WARNING: All log messages before absl::InitializeLog() is called are written to STDERR
I0000 00:00:1733453351.558696    7840 fork_posix.cc:77] Other threads are currently calling into gRPC, skipping fork() handlers
Traceback (most recent call last):
  File "/mnt1/yarn/usercache/hadoop/appcache/application_1733453166709_0001/container_1733453166709_0001_02_000001/beam_test.py", line 55, in <module>
    run()
  File "/mnt1/yarn/usercache/hadoop/appcache/application_1733453166709_0001/container_1733453166709_0001_02_000001/beam_test.py", line 49, in run
    (p
  File "/mnt1/yarn/usercache/hadoop/appcache/application_1733453166709_0001/container_1733453166709_0001_02_000001/environment/lib64/python3.9/site-packages/apache_beam/pipeline.py", line 620, in __exit__
    self.result = self.run()
  File "/mnt1/yarn/usercache/hadoop/appcache/application_1733453166709_0001/container_1733453166709_0001_02_000001/environment/lib64/python3.9/site-packages/apache_beam/pipeline.py", line 594, in run
    return self.runner.run_pipeline(self, self._options)
  File "/mnt1/yarn/usercache/hadoop/appcache/application_1733453166709_0001/container_1733453166709_0001_02_000001/environment/lib64/python3.9/site-packages/apache_beam/runners/runner.py", line 180, in run_pipeline
    return self.run_portable_pipeline(
  File "/mnt1/yarn/usercache/hadoop/appcache/application_1733453166709_0001/container_1733453166709_0001_02_000001/environment/lib64/python3.9/site-packages/apache_beam/runners/portability/portable_runner.py", line 375, in run_portable_pipeline
    job_service_handle = self.create_job_service(options)
  File "/mnt1/yarn/usercache/hadoop/appcache/application_1733453166709_0001/container_1733453166709_0001_02_000001/environment/lib64/python3.9/site-packages/apache_beam/runners/portability/portable_runner.py", line 289, in create_job_service
    return self.create_job_service_handle(server.start(), options)
  File "/mnt1/yarn/usercache/hadoop/appcache/application_1733453166709_0001/container_1733453166709_0001_02_000001/environment/lib64/python3.9/site-packages/apache_beam/runners/portability/job_server.py", line 79, in start
    self._endpoint = self._job_server.start()
  File "/mnt1/yarn/usercache/hadoop/appcache/application_1733453166709_0001/container_1733453166709_0001_02_000001/environment/lib64/python3.9/site-packages/apache_beam/runners/portability/job_server.py", line 104, in start
    cmd, endpoint = self.subprocess_cmd_and_endpoint()

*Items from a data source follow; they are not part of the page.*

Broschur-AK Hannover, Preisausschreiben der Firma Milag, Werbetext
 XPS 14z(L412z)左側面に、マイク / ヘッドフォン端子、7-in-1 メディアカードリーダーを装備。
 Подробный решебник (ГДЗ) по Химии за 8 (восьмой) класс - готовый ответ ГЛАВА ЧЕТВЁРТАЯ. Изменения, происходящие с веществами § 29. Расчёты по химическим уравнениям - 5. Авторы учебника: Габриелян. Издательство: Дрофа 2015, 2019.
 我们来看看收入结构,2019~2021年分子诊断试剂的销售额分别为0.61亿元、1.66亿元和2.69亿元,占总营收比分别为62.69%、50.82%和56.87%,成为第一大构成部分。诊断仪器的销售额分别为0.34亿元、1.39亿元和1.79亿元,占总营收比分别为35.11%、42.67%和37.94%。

  File "/mnt1/yarn/usercache/hadoop/appcache/application_1733453166709_0001/container_1733453166709_0001_02_000001/environment/lib64/python3.9/site-packages/apache_beam/runners/portability/job_server.py", line 149, in subprocess_cmd_and_endpoint
    jar_path = self.local_jar(self.path_to_jar(), self._jar_cache_dir)

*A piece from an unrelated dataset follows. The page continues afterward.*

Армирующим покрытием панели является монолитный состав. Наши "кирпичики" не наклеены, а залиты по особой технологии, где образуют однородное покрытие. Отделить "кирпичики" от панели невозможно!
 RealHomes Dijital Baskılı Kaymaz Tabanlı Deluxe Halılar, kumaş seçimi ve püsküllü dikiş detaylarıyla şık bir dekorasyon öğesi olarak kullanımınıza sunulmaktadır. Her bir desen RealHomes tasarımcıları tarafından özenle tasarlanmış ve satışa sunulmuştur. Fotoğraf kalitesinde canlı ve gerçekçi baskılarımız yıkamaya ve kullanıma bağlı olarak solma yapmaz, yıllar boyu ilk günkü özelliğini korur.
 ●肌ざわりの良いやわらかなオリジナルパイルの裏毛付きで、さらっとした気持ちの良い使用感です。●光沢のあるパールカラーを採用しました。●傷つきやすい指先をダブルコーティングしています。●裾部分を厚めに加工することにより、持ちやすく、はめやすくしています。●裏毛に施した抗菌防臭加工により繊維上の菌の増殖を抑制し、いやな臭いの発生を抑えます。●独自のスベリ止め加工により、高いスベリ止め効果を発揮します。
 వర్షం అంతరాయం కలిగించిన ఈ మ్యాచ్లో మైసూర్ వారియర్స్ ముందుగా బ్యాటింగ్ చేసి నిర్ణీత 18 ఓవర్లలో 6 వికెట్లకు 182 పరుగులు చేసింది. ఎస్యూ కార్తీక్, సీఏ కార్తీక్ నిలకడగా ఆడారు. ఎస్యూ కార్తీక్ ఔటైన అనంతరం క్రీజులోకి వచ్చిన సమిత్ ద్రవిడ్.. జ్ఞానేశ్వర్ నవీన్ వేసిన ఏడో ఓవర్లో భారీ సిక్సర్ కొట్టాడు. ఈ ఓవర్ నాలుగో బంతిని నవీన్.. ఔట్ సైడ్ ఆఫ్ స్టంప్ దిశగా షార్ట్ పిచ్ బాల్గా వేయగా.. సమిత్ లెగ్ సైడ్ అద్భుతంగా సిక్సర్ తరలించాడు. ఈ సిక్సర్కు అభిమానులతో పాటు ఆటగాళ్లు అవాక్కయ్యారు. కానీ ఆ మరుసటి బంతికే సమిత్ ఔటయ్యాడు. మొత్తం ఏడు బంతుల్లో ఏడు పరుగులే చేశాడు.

  File "/mnt1/yarn/usercache/hadoop/appcache/application_1733453166709_0001/container_1733453166709_0001_02_000001/environment/lib64/python3.9/site-packages/apache_beam/runners/portability/job_server.py", line 146, in local_jar
    return subprocess_server.JavaJarServer.local_jar(url, jar_cache_dir)
  File "/mnt1/yarn/usercache/hadoop/appcache/application_1733453166709_0001/container_1733453166709_0001_02_000001/environment/lib64/python3.9/site-packages/apache_beam/utils/subprocess_server.py", line 382, in local_jar
    os.makedirs(cache_dir)
  File "/usr/lib64/python3.9/os.py", line 215, in makedirs
    makedirs(head, exist_ok=exist_ok)
  File "/usr/lib64/python3.9/os.py", line 215, in makedirs
    makedirs(head, exist_ok=exist_ok)
  File "/usr/lib64/python3.9/os.py", line 225, in makedirs
    mkdir(name, mode)
PermissionError: [Errno 13] Permission denied: '/home/.apache_beam'

I am very lost right now. would appreciate any help


Solution

  • When I use spark-submit, i do not need to set the runner to SparkRunner, because spark-submit is a command-line tool specifically designed to submit Spark applications. By using spark-submit, Spark automatically handles the execution of the job on the cluster, and I don't need to specify a runner in your code.